• **Requirement**
A faithful copy is needed of the lines below from the one with "Die kleinen Japan" up to and including the one with "игра для Уокера"; set it down with no pictures and no other lines.

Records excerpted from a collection
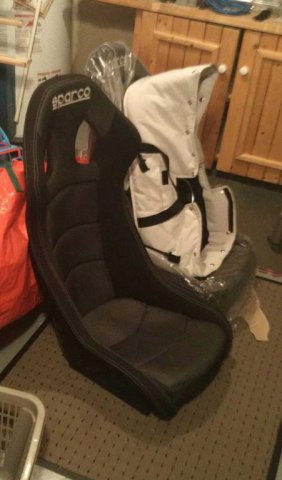 So on the way home from C&C car starts making an awful grind scrape noise going over bumps. Get the car back to the shop.....Find that all the chasing my friends 88 911 through the country roads ( and maybe a few bumps) has resulted in a broken DS rear coil spring. I had been researching the shit out of the coil over options at the time ( on here and other sites- the thread is still open), and this was the excuse that allowed me to pull the trigger. I ended up ordering the set up from Sakura Garage. They make their own camber plate, and pair it with a set of Stance Coilovers. Awesome quality and first rate customer support from Sakura Garage. So this is when things slow down on progress, and I basically start part collecting. Wheels are ordered (amazing group buy that I couldn't pass up) And was able to get a set of Work Meister CR01's in grey face with polished bronze lip. Thanks again Peter at NEXTMOD in Markham ON. Found a set of Z force productions BAMFZG flares on DPAN on facebook. I have yet to install....Might still call jpngarage and get their set. They just look to be more finished? could be off here. Would love input. Started hunting seats as well. Got a deal on these Chronosport fixed back seats as they were in stock at a supplier, and from my understanding Sparco is not making this seat any more. Narrow enough to fit the car but wide enough for my ass.
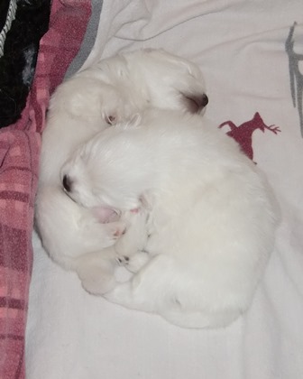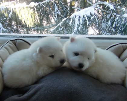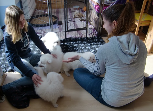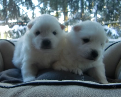 Die kleinen Japan Spitz-Kinder wachsen und gedeihen prächtig
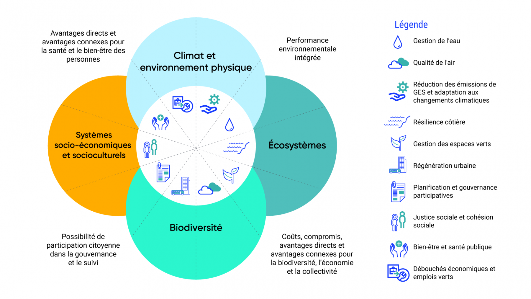 Cadre utilisé par Raymond et coll. (2017) pour l’évaluation des avantages connexes des approches fondées sur la nature.
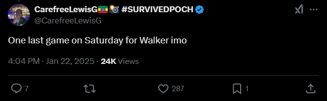CarefreeLewisG: «Последняя игра для Уокера в субботу».
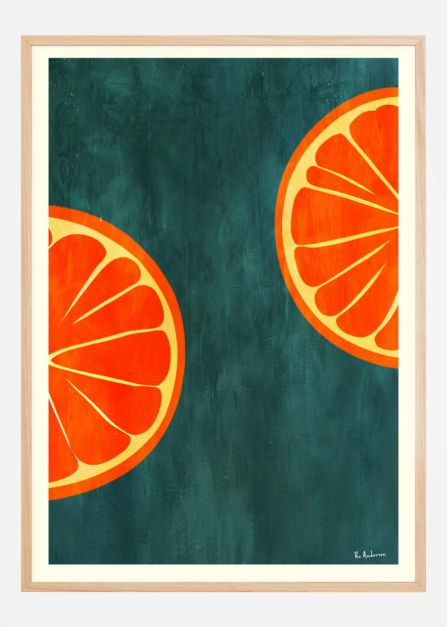 Ši šviesi ir gaivinanti plakatų iliustracija vaizduoja dvi perpjautas apelsinas tamsiai žalios spalvos fone, vaizdą, kuris yra toks pat energizuojantis kaip stiklinė šviežiai spaustų sulčių. Apelsinų griežinėlių sodrios, ryškios oranžinės spalvos atsiskleidžia prieš gilų foną, sukurdamos vaizdą, kuris yra paprastas ir įspūdingas. Tai yra dizainas, švenčiantis gamtos paprastumą ir grožį, kuris būtų tobulas, norint pabrėžti virtuvės ar valgomojo erdvę spalvų akcentu.
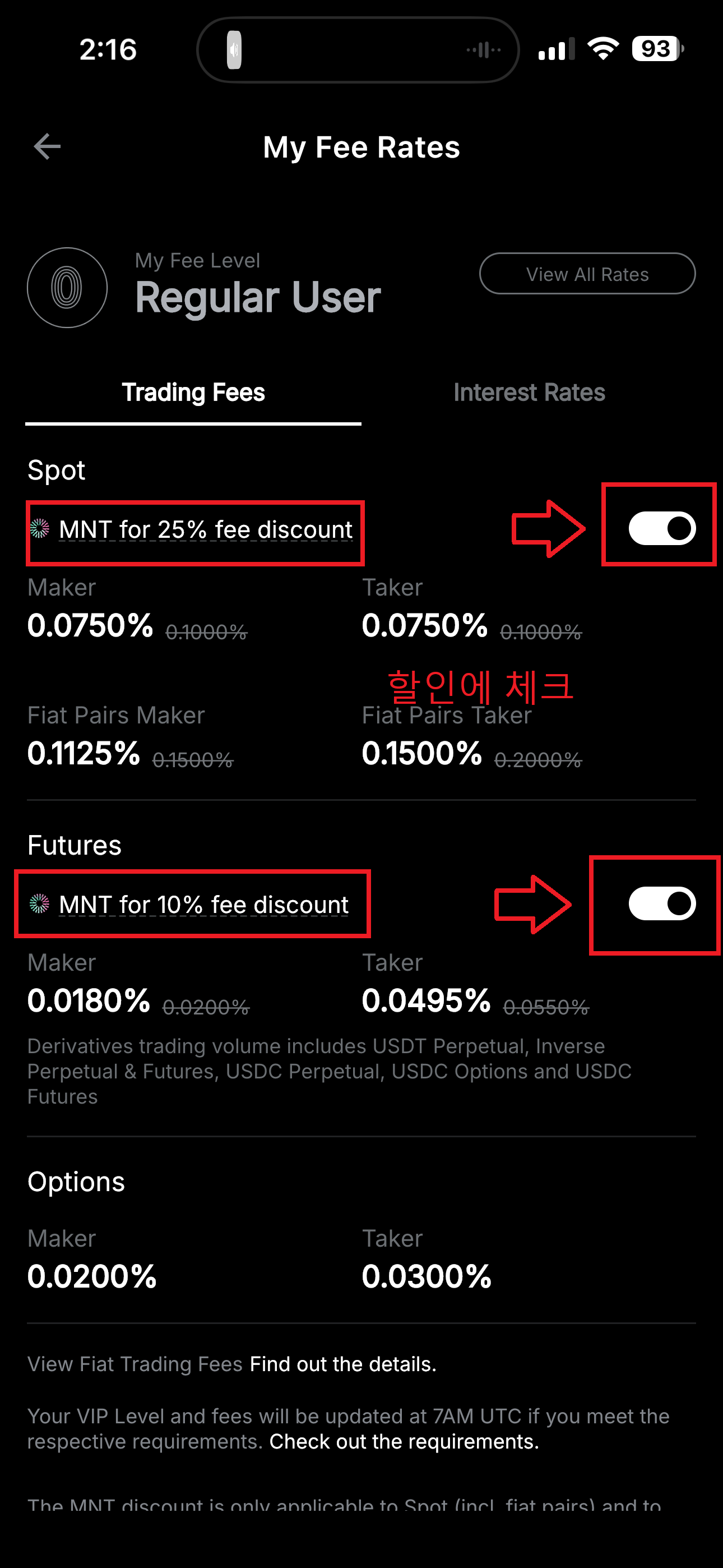 2. MNT 코인 수수료 할인 활성화 (수수료 25%/10% 절감)

• **Solution to this problem**
 Die kleinen Japan Spitz-Kinder wachsen und gedeihen prächtig
 Cadre utilisé par Raymond et coll. (2017) pour l’évaluation des avantages connexes des approches fondées sur la nature.
CarefreeLewisG: «Последняя игра для Уокера в субботу».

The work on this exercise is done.